Problem to work on — Omit all pictures, then print the entries exactly.

Materials provided —
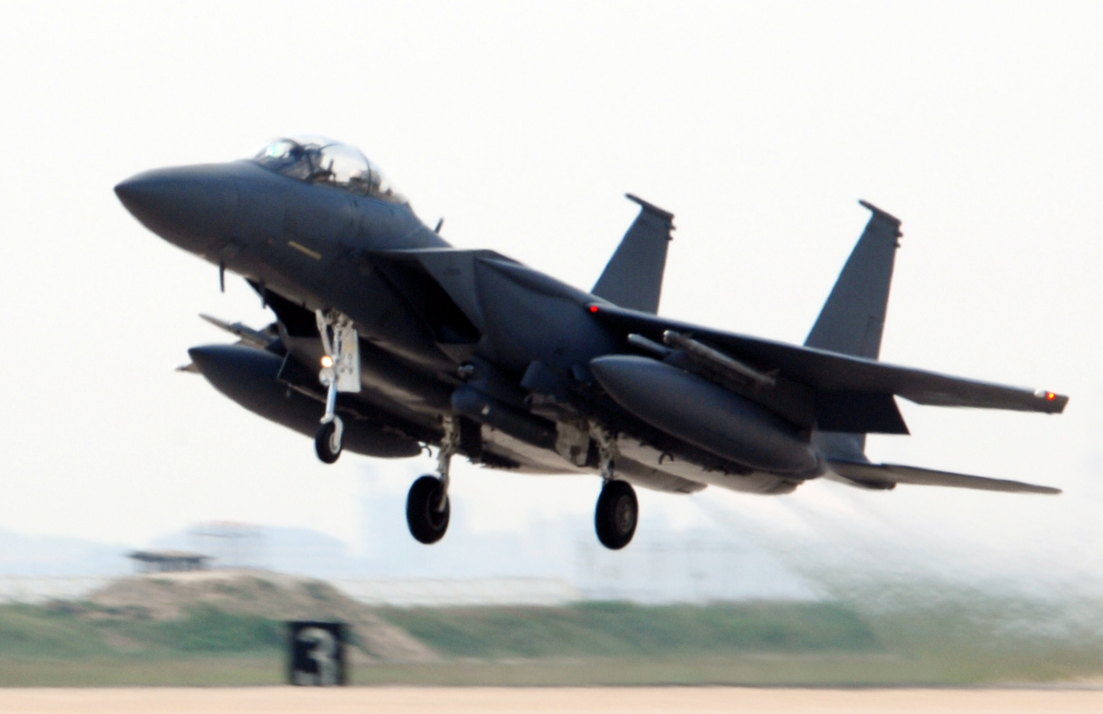 A Republic of Korea Air Force Boeing F-15K Slam Eagle takes off from Kunsan Air Base, Republic of Korea, for a training mission during exercise "Max Thunder 09-01" on 11 May 2009.
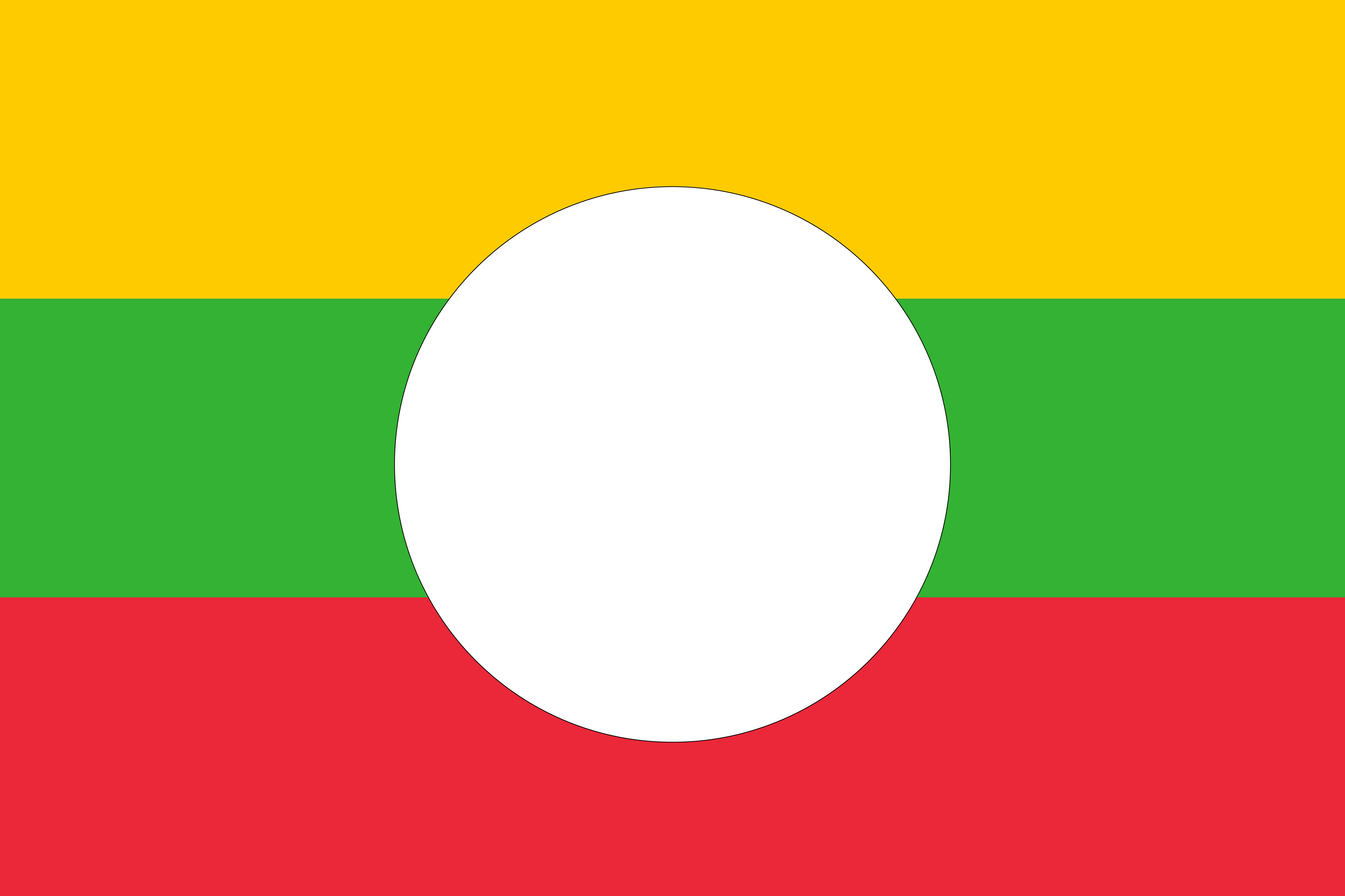 Flag of Shan
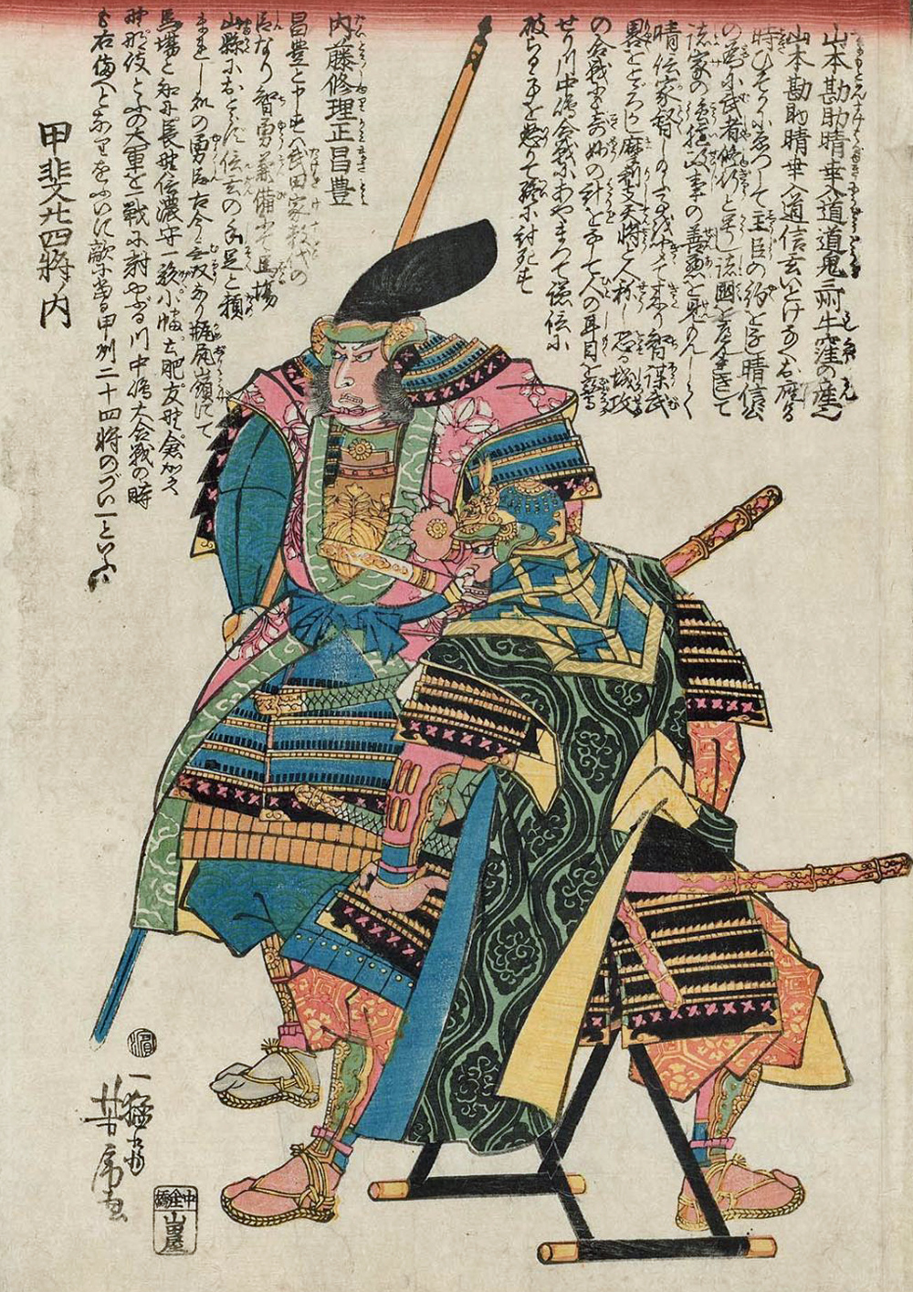 Yamamoto Kansuke Haruyuki Nyūdō Dōki and Naitō Shuri kami Masatoyo from the series Twenty-four Generals of Kai Province
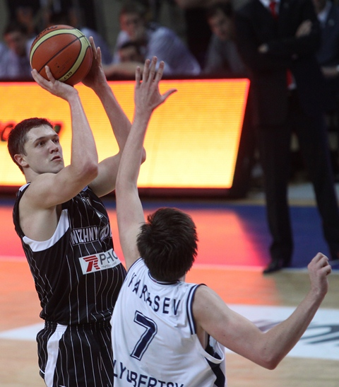 Russian bball player
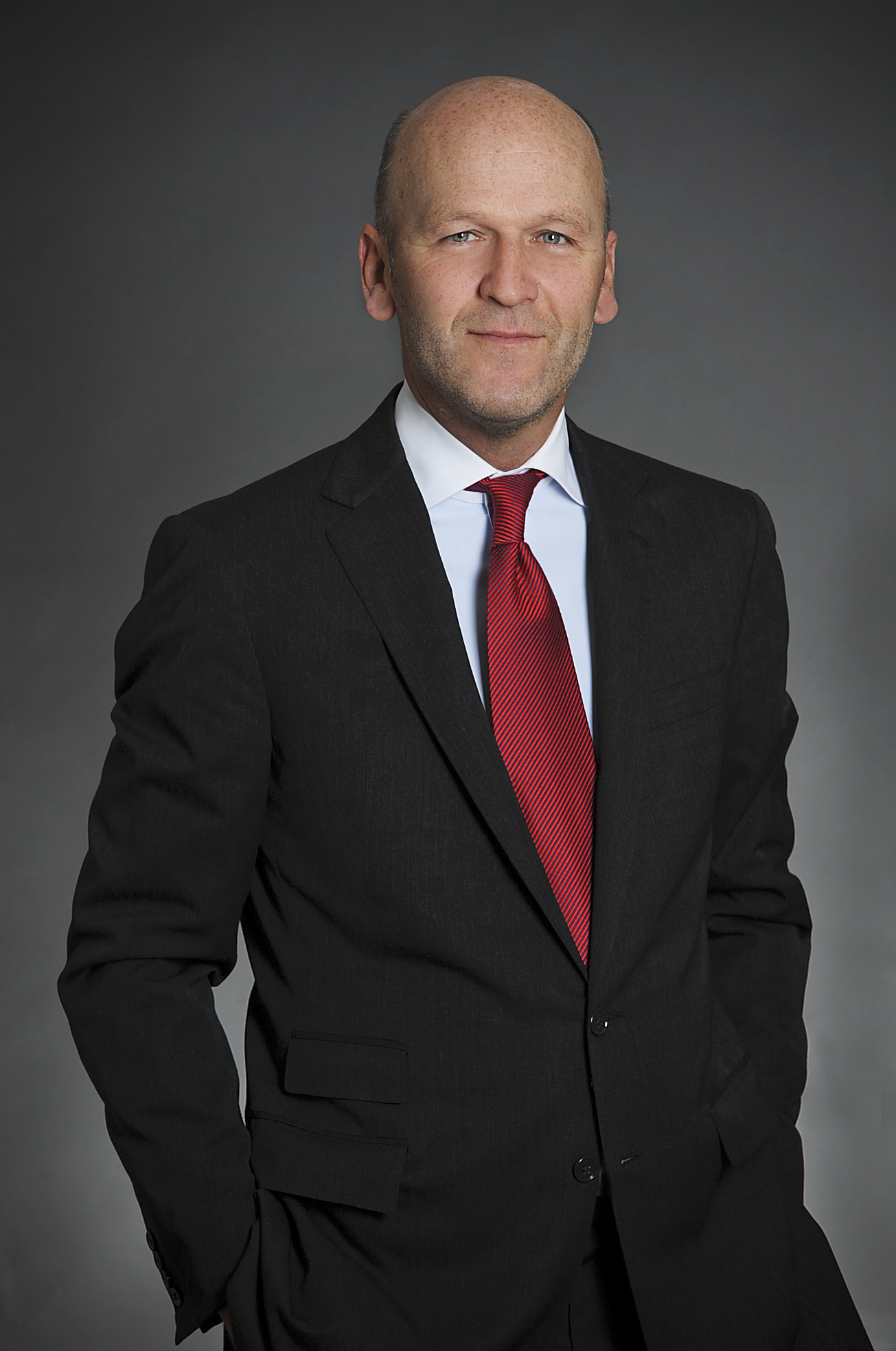 The Honourable Michael Fortier.
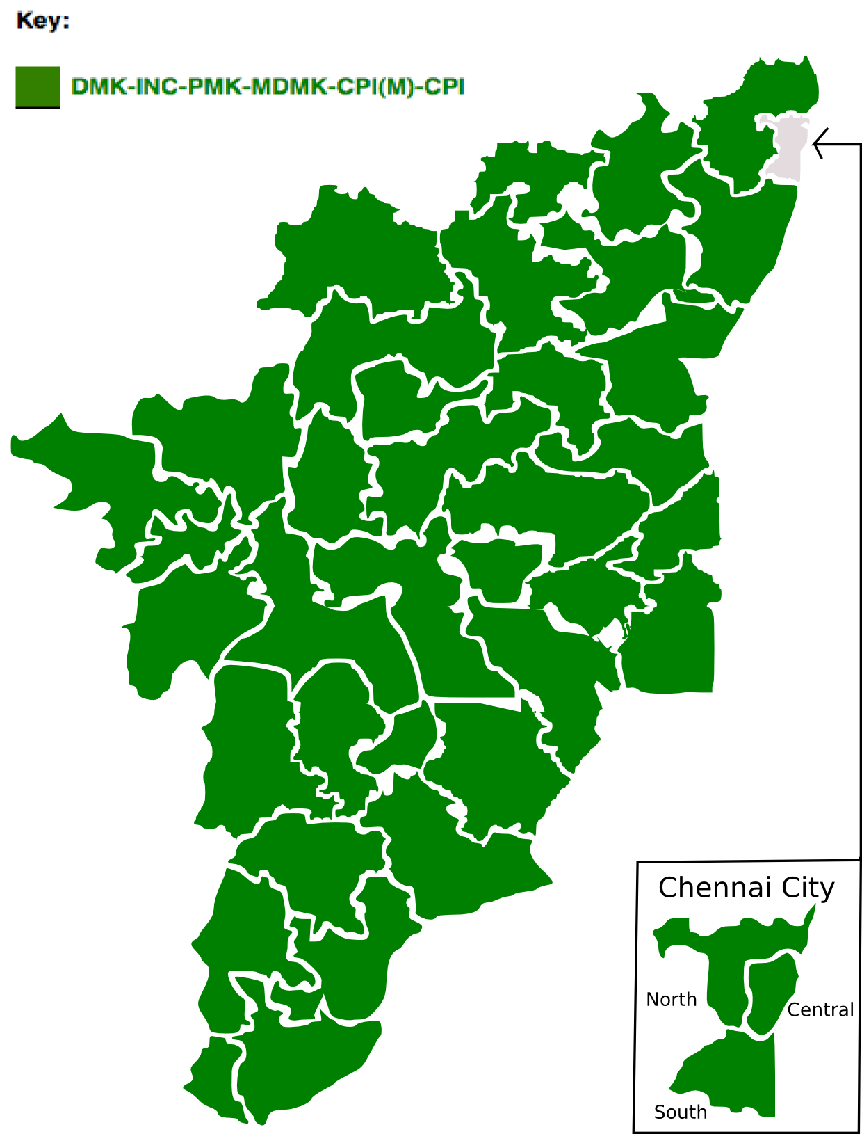 2004 Lok Sabha Election map for Tamil Nadu. Map is based on ECI drawn map. Results are based on ECI website.

Answer —
 A Republic of Korea Air Force Boeing F-15K Slam Eagle takes off from Kunsan Air Base, Republic of Korea, for a training mission during exercise "Max Thunder 09-01" on 11 May 2009.
 Flag of Shan
 Yamamoto Kansuke Haruyuki Nyūdō Dōki and Naitō Shuri kami Masatoyo from the series Twenty-four Generals of Kai Province
 Russian bball player
 The Honourable Michael Fortier.
 2004 Lok Sabha Election map for Tamil Nadu. Map is based on ECI drawn map. Results are based on ECI website.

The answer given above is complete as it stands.